# SushiGod’s Log



## SushiGod (May 5, 2022)

New to these kind of forums. Going to be logging my upcoming training and diet from here on out!

*Stats*
6’2”, 201lbs
I don’t do the “main lifts” most are likely interested in hearing (SBD), so sorry there haha.

*Goals*
Gain mass overall. Specifically limbs. Stop looking like a gym shark influencer and start looking like a bodybuilder.

End game for me is men’s physique.

*Timeline:*
I just came off a cycle of 500 test, and am cruising now for 6-8 weeks. Will be getting blood work around week 4-5 most likely. So, these next couple months are most likely going to be rather chill. Then from there it’s coaches call. As I said too, I just came off so still training as if I’m on for about another week or so here. Then likely gonna be back volume temporarily.

*Additional Info*
I’m a very health conscious guy. Both bodybuilding and my health is very valuable to me. I keep in 40mg telmisartan and 500mg metformin year around, as well as a whole laundry list of natural supplements. Could go into more detail there if interested!

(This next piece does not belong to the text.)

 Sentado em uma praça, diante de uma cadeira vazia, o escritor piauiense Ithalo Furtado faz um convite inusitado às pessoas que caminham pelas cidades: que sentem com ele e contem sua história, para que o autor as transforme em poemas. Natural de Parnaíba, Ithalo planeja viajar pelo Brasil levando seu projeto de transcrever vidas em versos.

Anything you guys would like to know? Excited, looks like a supportive group here too.


----------



## CohibaRobusto (May 5, 2022)

Sounds good, how long have you been lifting? How old are you?

What does your lifting program look like?


----------



## SushiGod (May 5, 2022)

CohibaRobusto said:


> Sounds good, how long have you been lifting? How old are you?
> 
> What does your lifting program look like?


Hi Cohiba!

Lifting since 17, currently 22. Had a rough start at 120ish pounds. Eating disorder. Part of the reason I value health still so much to this day.

I’d say until about 20 years old was suboptimal. Not that my programming was poor or anything, but that my intensity was not there. Not until I found a group of people that truly wanted to bodybuild did I learn how to go past that point that takes you from just lifting to truly training with intensity.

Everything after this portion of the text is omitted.